(506d) Apoptotic Signaling Pathways in Megakaryocytes | AIChE

(506d) Apoptotic Signaling Pathways in Megakaryocytes


Giammona, L. M. - Presenter, Northwestern University
Papoutsakis, E. T., Northwestern University
Miller, W. M., Northwestern University

High dose chemotherapy frequently results in the development of thrombocytopenia, characterized by a decrease in the number of platelets in the blood. Transplantation of lineage restricted progenitor cells may alleviate the state of low platelet levels. Therapies such as this call for the generation of large numbers of cells with the desired state of cell differentiation. In this case, optimal conditions of ex vivo megakaryocyte (Mk) expansion are critical. We propose that investigating the correlation between megakaryocyte maturation, apoptosis, and polyploidization will provide a better understanding of megakaryopoiesis and will aid in optimization of conditions for expansion of Mk cells ex vivo.

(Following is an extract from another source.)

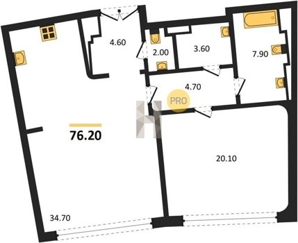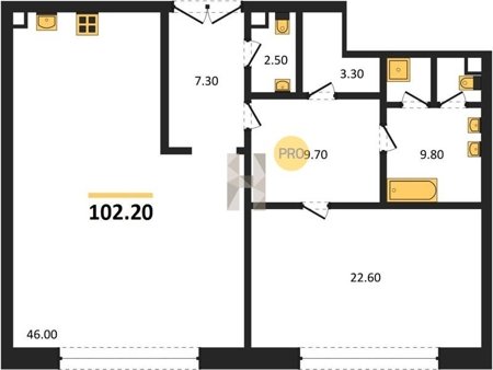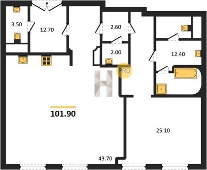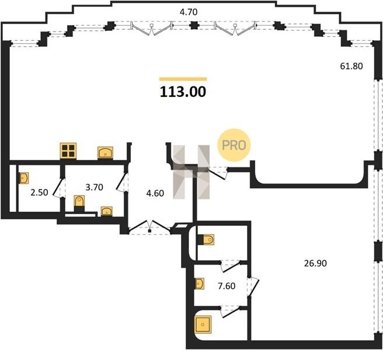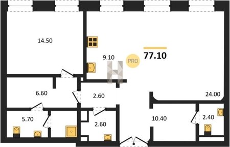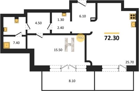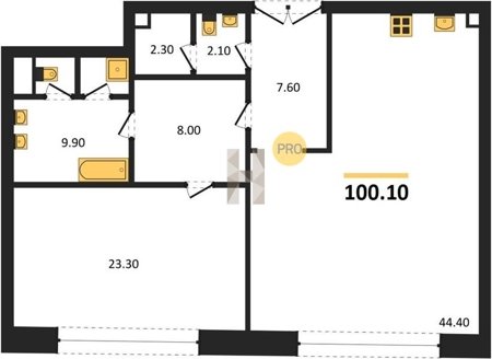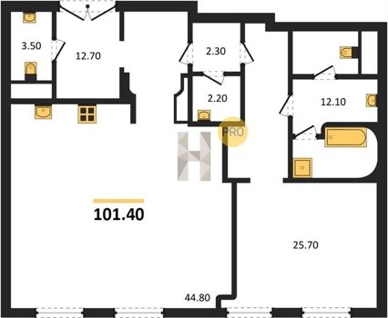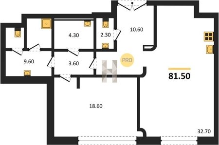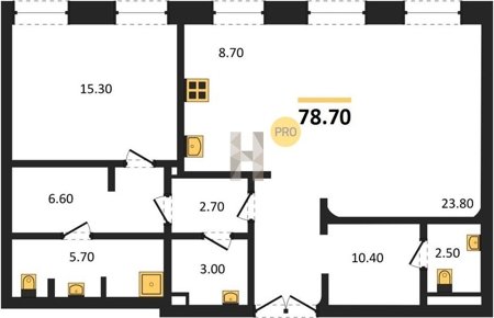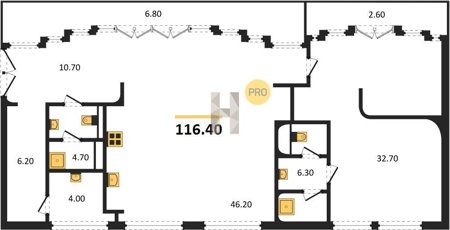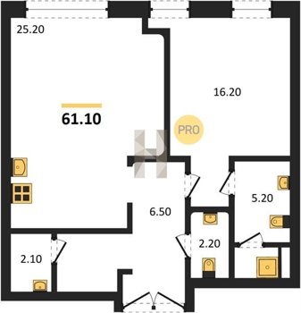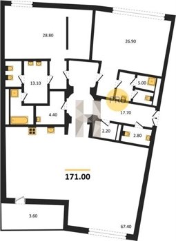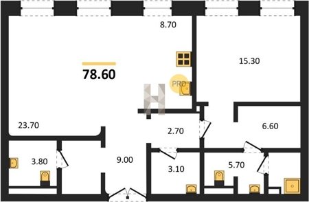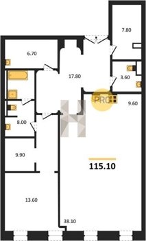 Площадь от 60.8 м2

Megakaryocyte maturation involves the development of polyploid cells via endomitosis, a modified cell cycle in which several rounds of DNA replication occur without cytokinesis. DNA accumulation is associated with an increase in cytoplasmic volume and therefore indirectly regulates platelet production resulting from fragmentation of the mature megakaryocyte cytoplasm. This process of maturation is further characterized by the induction of apoptosis, which is thought to be correlated to and occur concurrently with platelet formation. We address the question of whether transiently inhibiting apoptosis can lead to a delay in the onset of platelet formation, increasing the number of viable Mk cells in culture. Studies focus on gene targets with known importance in both the extrinsic and intrinsic pathways regulating apoptosis including several caspases and the tumor suppressor protein p53.

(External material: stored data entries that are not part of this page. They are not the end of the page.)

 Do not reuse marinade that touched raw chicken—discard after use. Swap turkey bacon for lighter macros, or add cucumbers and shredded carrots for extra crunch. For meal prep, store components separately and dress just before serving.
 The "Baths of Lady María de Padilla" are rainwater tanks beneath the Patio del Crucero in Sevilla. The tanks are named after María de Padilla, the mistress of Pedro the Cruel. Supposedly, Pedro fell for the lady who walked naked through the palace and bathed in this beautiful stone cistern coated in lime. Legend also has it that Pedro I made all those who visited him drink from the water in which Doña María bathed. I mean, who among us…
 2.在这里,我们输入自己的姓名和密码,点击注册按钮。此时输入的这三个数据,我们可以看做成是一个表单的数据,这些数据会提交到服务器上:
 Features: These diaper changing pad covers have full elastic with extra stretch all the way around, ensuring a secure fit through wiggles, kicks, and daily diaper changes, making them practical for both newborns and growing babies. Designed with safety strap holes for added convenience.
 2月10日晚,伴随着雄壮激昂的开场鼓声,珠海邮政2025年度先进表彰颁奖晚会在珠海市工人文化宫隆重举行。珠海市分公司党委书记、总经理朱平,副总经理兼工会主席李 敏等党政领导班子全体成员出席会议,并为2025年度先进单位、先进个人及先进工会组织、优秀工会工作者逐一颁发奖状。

The constitutive formation of proplatelet-bearing MKs has been reported by others to be a caspase-dependent process. Here we aim to examine the effect of caspase inhibition on Mk ploidy and percentage of CD41+ cells in culture. Human peripheral blood derived CD34+ cells were cultured in serum-free media in the presence of thrombopoietin (TPO) to induce Mk differentiation. Treatment of cells with the broad acting caspase inhibitor, z-vad.fmk, significantly reduced the number of higher ploidy Mk cells (DNA content >8N) present during the 15 days of culture. Caspase inhibition led to an increase in the percentage of CD41+ cells in culture in addition to reducing the number of proplatelet forming cells. We also plan to investigate whether caspase activation during megakaryopoiesis is dependent on the tumor suppressor protein, p53. Over the course of Mk maturation, protein levels of the various forms of p53 (phosphorylated, acetylated, wild-type) will be characterized along with the effect of p53 inhibition by pifithrin-alpha on megakaryocyte apoptosis and polyploidization.

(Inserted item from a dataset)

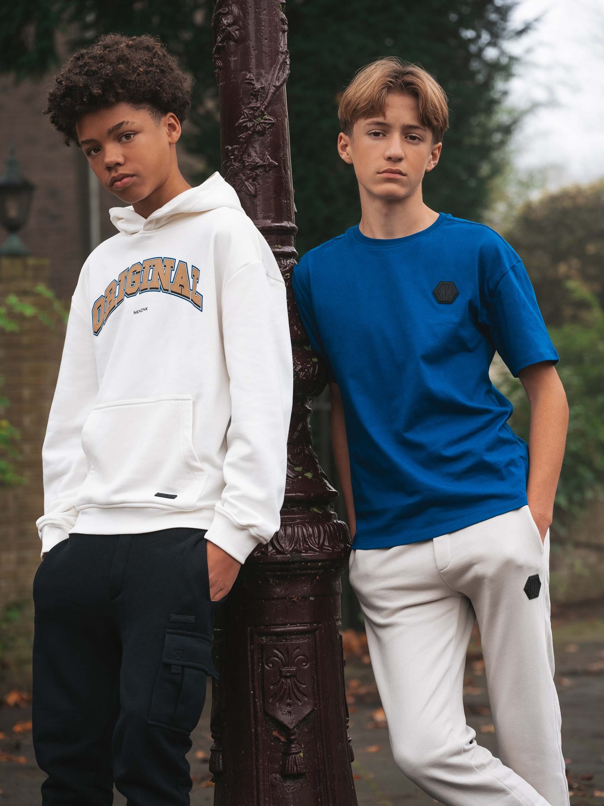 Product descriptionLoose-fitting sweatpants with pockets, elastic waistband and logo patch.

Additionally, we aim to explore the potential influence of sirtuin protein activity on Mk maturation. Class III histone deacetylases (SIRT1-SIRT7) are members of the silent information regulator 2 (Sir2) family and have been suggested to play a role in lifespan extension. Specifically, SIRT1 deacetylates p53 leading to an inhibition of apoptosis. Our DNA microarray analyses show upregulated expression of both SIRT1 and SIRT7 in Mk cultures. We therefore will study the effect of sirtuin inhibition and activation on Mk expansion, apoptosis, and cell ploidy using the Class III histone deacetylase inhibitor and activator, nicotinamide and resveratrol respectively.

In conclusion, the use of chemical inhibitors provides a method for improving our understanding of the signaling pathways involved in Mk apoptosis. This increased knowledge may aid in the optimization of culture conditions for megakaryocyte expansion.